The tail is the last node of the linked list and its next points to null indicating the end of the list.
Types of linked lists
A linked list can be categorized into three types based on their structure:
- Singly linked list where each node only contains the data and the pointer to the next node. Traversal of the list can only be done in one direction, starting from the head and proceeding towards the tail.
-
Doubly linked list where each node contains two references, one that points to the next node and one that points to the previous. This allows traversal in both directions.
-
Circular linked list where the last node points back to the head, forming a circular structure. This eliminates a distinct head and tail. Transversal in this case is continuous.
Heap
A heap is a specialized tree-based data structure that satisfies something called the heap property. A very common heap type, and the one we will discuss today is a binary tree, but other types of heaps exist. Heap allows high efficiency and logarithmic growth.
Anatomy of a binary heap
The key characteristics of a heap are:
- Heap property, actually is what distinguishes a binary tree from a heap. there are two types of heaps, a min heap and a max heap. For a tree to satisfy this tree proposes. For example in a max heap for any node other than the root, the value of this node must be greater or equal to the values of its children. In a min heap, it’s the opposite where the node must be less than or equal to the children
Here is an example of a min-heap:
As you can see, to satisfy the min-heap property the parent must always be less or equal to the child
Here is an example of a max-heap:
As you can see, to satisfy the max-heap property the parent must always be more or equal to the child
- Shape Property: A binary heap is a complete binary tree, which means that all levels of the tree, except possibly the last one, are filled, and if the level is not full, it is filled from left to right.

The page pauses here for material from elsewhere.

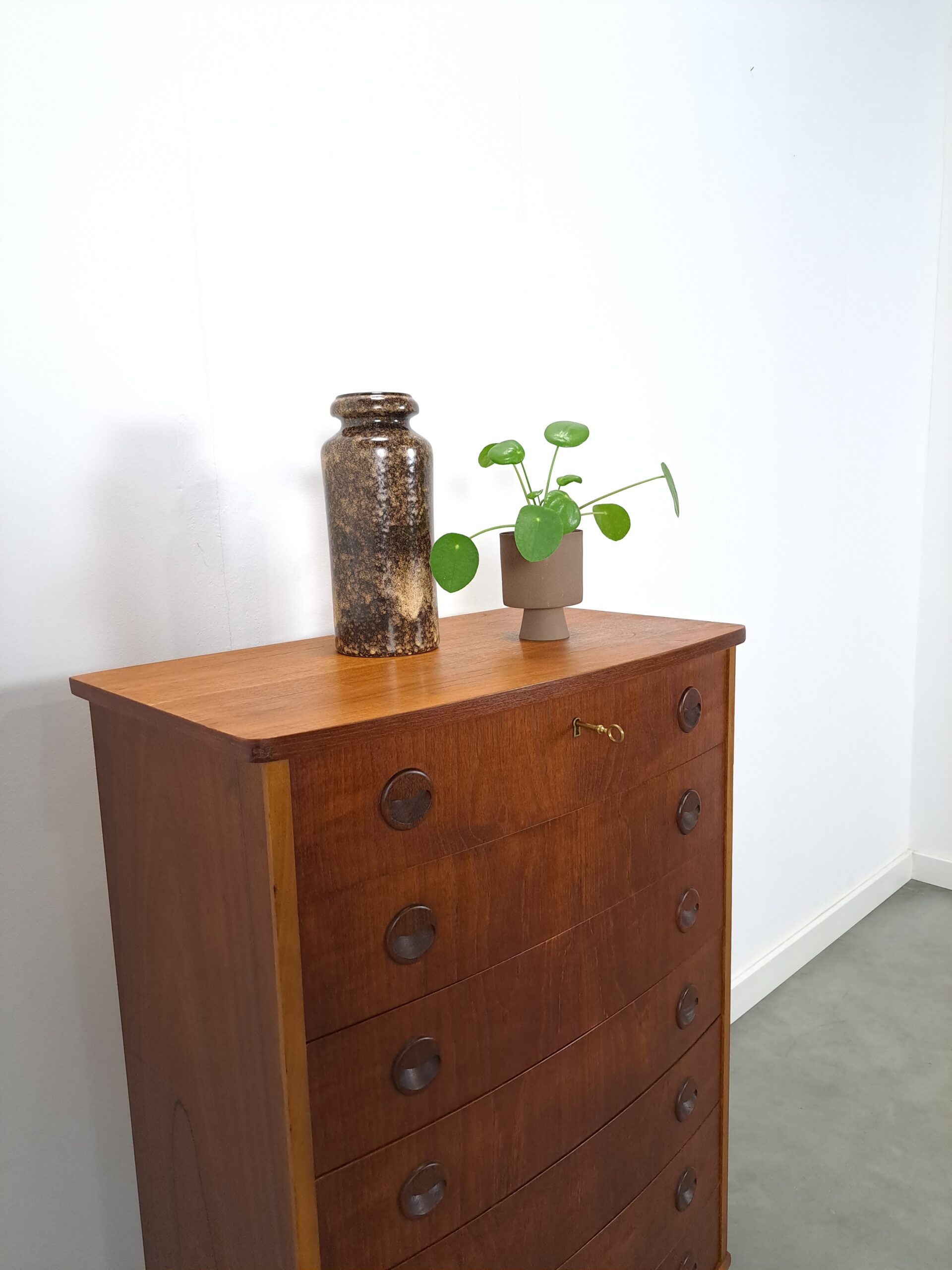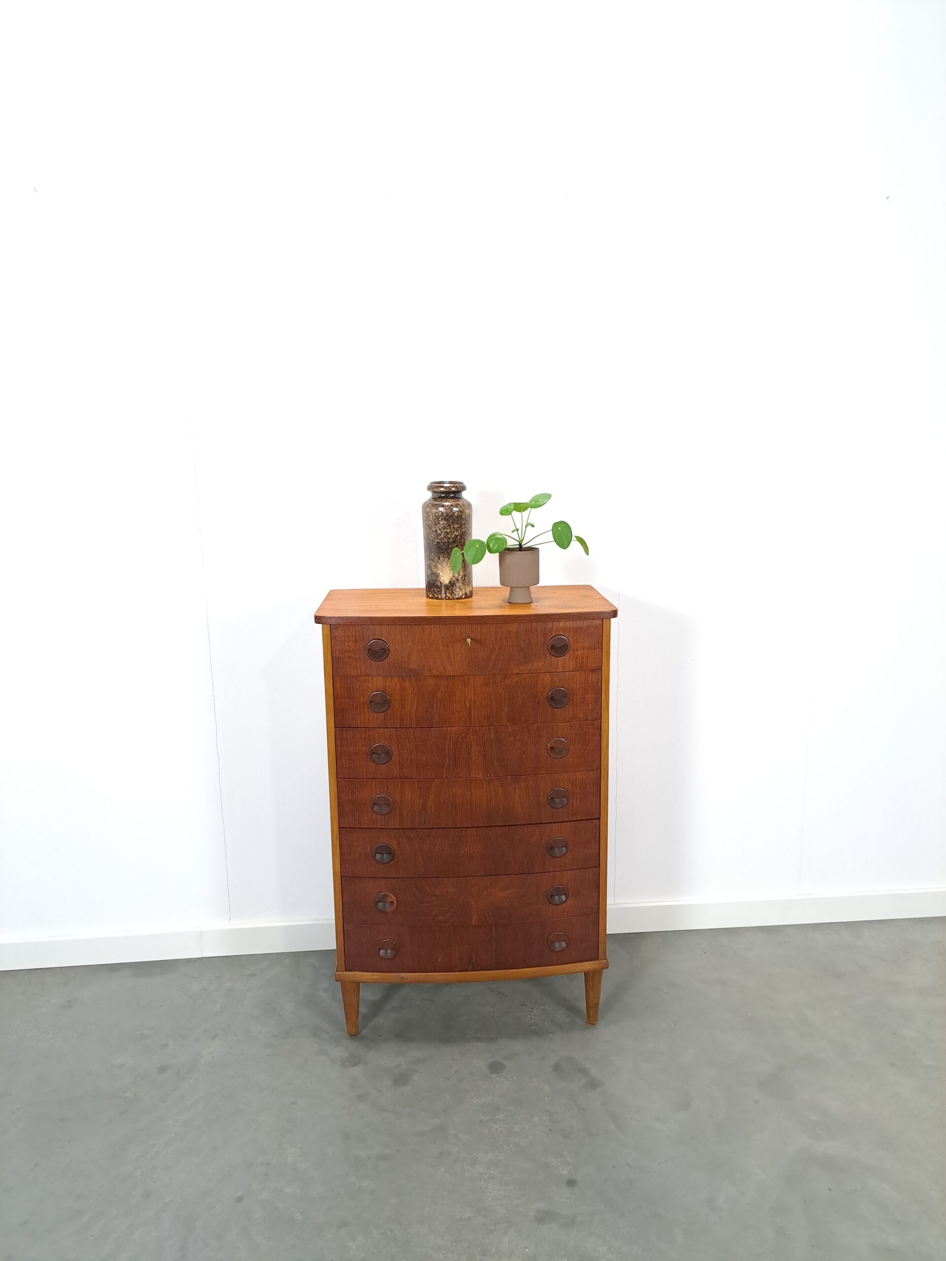 Deze vintage ladekast komt uit Denemarken en heeft een mooi gebogen voorkant en zeven ruime lades met ronde grepen. De Deense ladekast is ideaal voor in de woonkamer, hal of slaapkamer dankzij de fijne opbergruimte en het tijdloze uiterlijk.

This means that to be considered a complete primary tree the nodes must be filled from left to right:
In this image we have a complete binary tree, even though it’s not full, the child nodes are filled from left to right so this tree is complete.

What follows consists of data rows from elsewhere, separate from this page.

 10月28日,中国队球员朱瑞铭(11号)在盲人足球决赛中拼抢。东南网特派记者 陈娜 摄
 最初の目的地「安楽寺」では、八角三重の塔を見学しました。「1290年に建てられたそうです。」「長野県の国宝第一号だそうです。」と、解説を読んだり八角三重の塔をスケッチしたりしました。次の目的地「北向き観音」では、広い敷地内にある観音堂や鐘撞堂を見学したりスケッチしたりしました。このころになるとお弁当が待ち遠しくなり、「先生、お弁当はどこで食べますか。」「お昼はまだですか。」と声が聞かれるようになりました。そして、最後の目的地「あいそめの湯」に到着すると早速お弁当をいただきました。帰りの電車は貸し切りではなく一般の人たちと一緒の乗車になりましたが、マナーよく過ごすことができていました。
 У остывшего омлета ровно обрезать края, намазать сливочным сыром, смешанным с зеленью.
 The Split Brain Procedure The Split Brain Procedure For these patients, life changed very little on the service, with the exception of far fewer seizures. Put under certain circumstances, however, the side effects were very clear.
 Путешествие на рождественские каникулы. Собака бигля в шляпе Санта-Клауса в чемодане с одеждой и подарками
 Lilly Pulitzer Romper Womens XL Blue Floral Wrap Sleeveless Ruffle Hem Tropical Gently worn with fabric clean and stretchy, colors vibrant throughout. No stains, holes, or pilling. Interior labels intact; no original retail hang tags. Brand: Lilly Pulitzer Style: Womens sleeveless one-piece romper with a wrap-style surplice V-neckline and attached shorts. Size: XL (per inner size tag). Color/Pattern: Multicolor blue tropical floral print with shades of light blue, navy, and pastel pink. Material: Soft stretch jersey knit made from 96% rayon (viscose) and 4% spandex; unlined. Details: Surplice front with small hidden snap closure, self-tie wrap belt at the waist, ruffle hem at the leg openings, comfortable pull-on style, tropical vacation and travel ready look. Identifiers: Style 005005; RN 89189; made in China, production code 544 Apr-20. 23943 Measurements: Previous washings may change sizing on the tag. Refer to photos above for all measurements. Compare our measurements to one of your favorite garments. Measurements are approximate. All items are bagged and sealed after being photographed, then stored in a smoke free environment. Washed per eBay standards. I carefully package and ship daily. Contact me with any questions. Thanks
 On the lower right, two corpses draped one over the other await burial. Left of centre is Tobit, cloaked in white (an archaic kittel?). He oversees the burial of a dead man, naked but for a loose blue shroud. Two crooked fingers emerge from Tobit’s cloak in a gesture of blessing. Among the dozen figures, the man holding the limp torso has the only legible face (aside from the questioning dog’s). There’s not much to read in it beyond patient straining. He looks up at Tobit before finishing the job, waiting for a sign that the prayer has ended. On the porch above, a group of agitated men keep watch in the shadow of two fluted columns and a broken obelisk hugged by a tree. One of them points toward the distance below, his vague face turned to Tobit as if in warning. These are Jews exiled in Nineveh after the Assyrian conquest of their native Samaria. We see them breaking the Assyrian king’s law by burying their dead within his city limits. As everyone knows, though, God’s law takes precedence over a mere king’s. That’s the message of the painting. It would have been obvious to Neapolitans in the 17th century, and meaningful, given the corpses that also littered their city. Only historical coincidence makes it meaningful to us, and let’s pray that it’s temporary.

This image doesn’t have a complete binary tree, because we can see that, going from left to right, the first two nodes don’t have children and only the third one has
Inserting values into the heap
To understand how to insert values inside our heap we first need to see how to store a heap structure inside a list:
To do that we simply insert each value of the heap from left to right and from top to bottom inside a list.
Then to calculate who the child and who is the parent of a specific node we use these 3 formulas:
- To find the parent: $\frac{i}{2} - 1$
- To find the left child: $2i + 1$
- To find the right child: $2i + 2$
NOTE: $i$ is the index of the list, and the list is indexed at 0.
Now that we understand how we can represent a heap inside a list we can talk about inserting values inside.
inset a new value inside the heap we must remember the rule, always fill from left to right, by following this rule we can append our value $100$ inside our list and in our heap, it’s represented as the left child of $12$.
At this point, we have successfully appended our node to our heap, but there is a problem!
We just broke the max heap property.
To fix it we need to perform a function called heapify, more specifically we heapifing up.
To do this what we do is pretty simple:
- compare the parent
- if the parent is smaller than the child, swapp them
- reaped until this condition is no longer true or we have reached the root
Let’s look at an example:
We have added the value $100$ to our list, we now compare it with the parent node $12$, because $100 > 12$ we swap them.
We now compare again the node $100$ with its new parent $55$, also in this case $100 > 55$ so we swap again.
Finally, we compare one last time and again $100 > 80$ so we swap one last time.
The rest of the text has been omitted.